Nach Hormus-Sperrung: Brüssel präsentiert neues Krisenpaket für die Energiemärkte
Mit dem Paket AccelerateEU reagiert die EU-Kommission auf den Energiepreisschock nach der Hormus-Sperrung. Der Plan: mehr Elektrifizierung, Netzausbau und befristete Beihilfen. Doch eine Antwort auf die hohen Strompreise für Unternehmen fehlt bislang.
EU-Kommissionspräsidentin Ursula von der Leyen will in der Energiekrise auch finanziell gegensteuern.
Foto: © Wiktor Dabkowski/ZUMA Press Wire
Brüssel bleibt eine schlüssige Antwort zur Senkung der Industriestrompreise in der Europäischen Union weiter schuldig. Mit der neuen Mitteilung „AccelerateEU“ reagiert die Kommission aber auf den anhaltenden Konflikt im Nahen Osten und die dadurch ausgelösten Verwerfungen auf den Energiemärkten.

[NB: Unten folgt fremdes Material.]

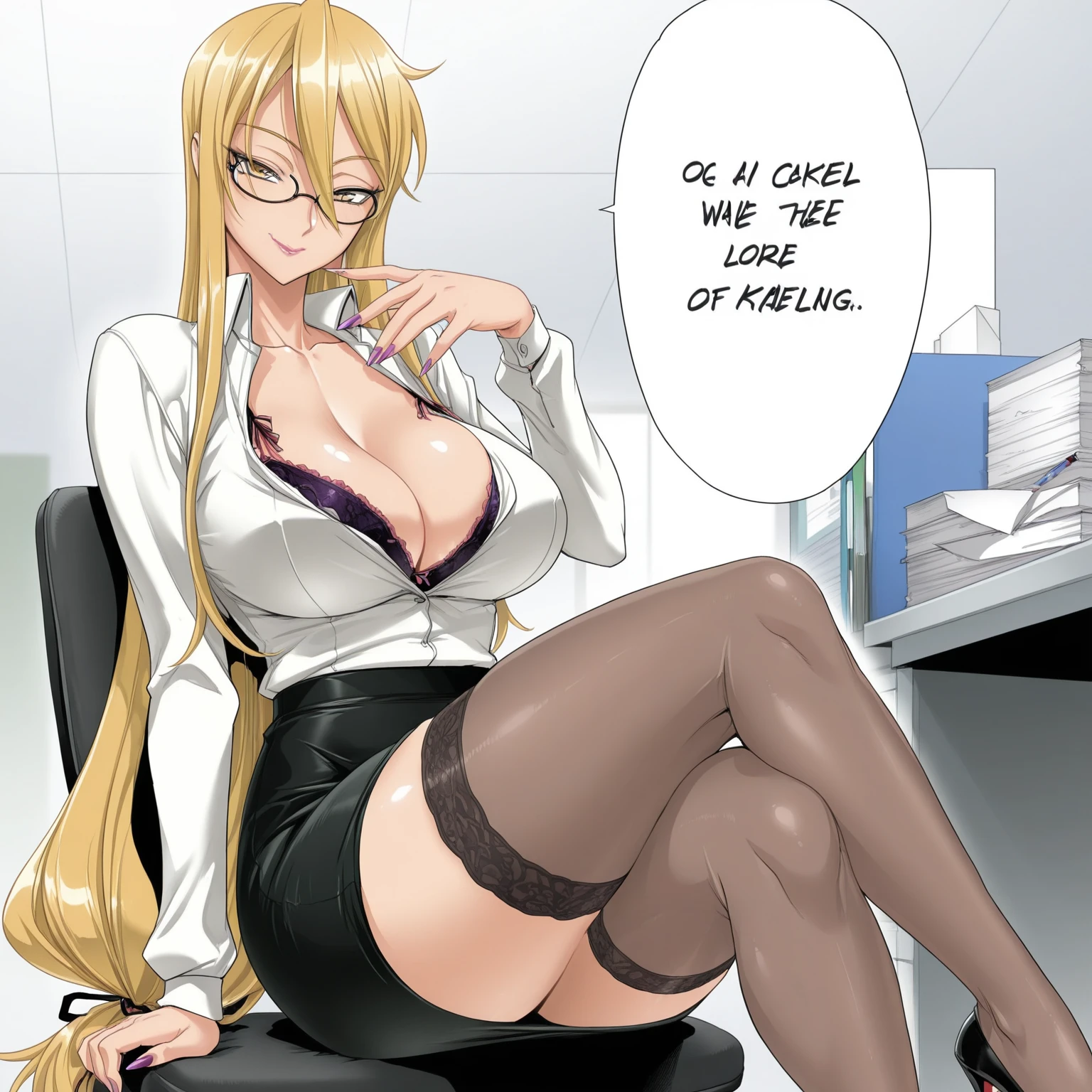 blonde hair, very long hair, low-tied long hair, yellow eyes, hair between eyes, massive breasts, slender, lips, manga, sketch, hatching shadow
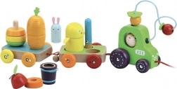 Wielofunkcyjny ciągnik Vilac oferuje dzieciom zabawę i edukacyjne doświadczenia. Ten drewniany traktor jest pełen kolorowych postaci i niespodzianek, które rozwijają ich wyobraźnię i umiejętności motoryczne.
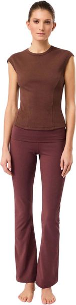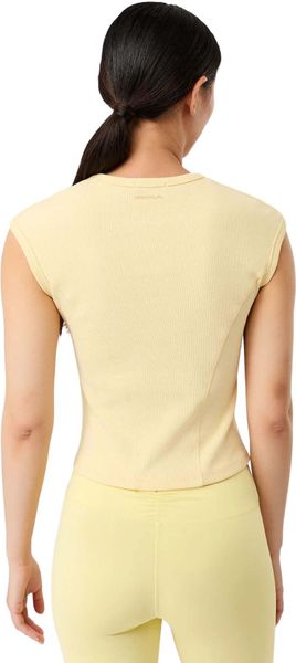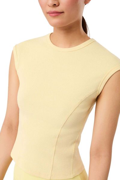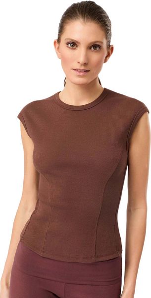 "The Ribbed Sport Top from Mandala is the perfect choice for active women who value both style and functionality. With its high round neckline and short sleeves accentuated by sporty seams, this top not only offers a modern look, but also a hip fit that is ideal for a body height of 1.70 m. The fine ribbed structure made from GOTScertified organiccotton guarantees not only sustainable production, but also a pleasant feel on the skin"
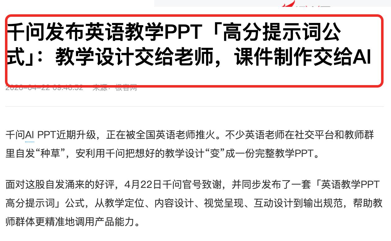 怪不得海外媒体酸中国的科技,进步确实太快了! 美国《财富》杂志前段时间发文称,在当前全球人工智能竞争日趋激烈的背景下,中国正展现出越来越突出的综合优势。 这篇报道指出中国优势分别是,电力资源充沛、制造业体系发达、开源模型领先。 很显然面对中国的AI发展速度,外媒这是有点酸了,毕竟以往的时候但凡是和科技相关的,他们都会猛吹自己有多猛。但现在形势出现反转,中国的AI开始领先了。 除了外媒说的这些资源、体系方面的东西,咱们的AI在应用方面更是走到了前面。 最近社交媒体上有个事就很有代表性,一大批的老师用千问来做PPT,尤其是英语老师应用频率非常高,大家的热情甚至一度让千问做PPT需要排队。 千问AI的PPT能力被大家看中,主要是千问PPT Agent升级了一波之后,做PPT的能力非常强大,并且所有人用它还都是免费。 具体来看,升级之后的千问,在做PPT时,不管你的内容是全中文还是全英文,亦或是中英混排,它都能精准识别与排版。 为了匹配专业领域的要求,千问还对职场、商业、教学、医疗、学术科研及技术研发等高频场景,进行了专项优化,并融合了超10万套高质量模板库,通过庞大的知识储备,可以很好满足各类专业内容的需求。 有了这些能力之后,大家现在做PPT用千问,只需要给它几张图,或者一个文档,它就能按照你的要求1-3分钟内帮你生成一个专业的PPT。 PPT的能力,代表的是解决实际问题的能力,AI的终极意义就在于服务于社会,提高效率。 很显然,以千问为代表的中国AI在这方面已经走出了坚实的一步,按照这种发展速度,未来一定会在更多场景、更多领域实现AI赋能,从而推动中国AI走向更高的层级。

Exorbitante Preissprünge bei Öl und Gas will man für Wirtschaft, Industrie und Haushalte künftig besser abfedern. Mit einer stärkeren Koordination unter den Mitgliedstaaten, einer beschleunigten Umstellung auf saubere Energie sowie mehr Elektrifizierung aus heimischer Produktion will die EU sich widerstandsfähiger gegen neue Preisschocks aufstellen.
Inhaltsverzeichnis
- AccelerateEU soll Folgen der Energiekrise in Europa abmildern
- EU-Kommission setzt auf erneuerbare Energien und Elektrifizierung
- Mehr Koordinierung der Mitgliedstaaten bei Gas, Öl und Kraftstoffen
- Befristete Beihilfen sollen Haushalte und Industrie in der Energiekrise entlasten
- Aktionsplan zur Elektrifizierung soll noch vor dem Sommer kommen
- Netzausbau in Europa soll Energiekosten senken
- Öffentliche und private Investitionen für Netzausbau ankurbeln
AccelerateEU soll Folgen der Energiekrise in Europa abmildern
Die Brüsseler Behörde verabschiedete die 17-seitige Mitteilung „AccelerateEU“ am 22. April 2026. Hintergrund sind die extremen Verteuerungen an den globalen Energiemärkten und die unabsehbaren Folgen der Sperrung der Straße von Hormus für den Schiffsverkehr. Seit Beginn der Eskalation im Nahen Osten musste die EU nach Angaben der Kommission zusätzliche 24 Mrd. € für Energieimporte ausgeben.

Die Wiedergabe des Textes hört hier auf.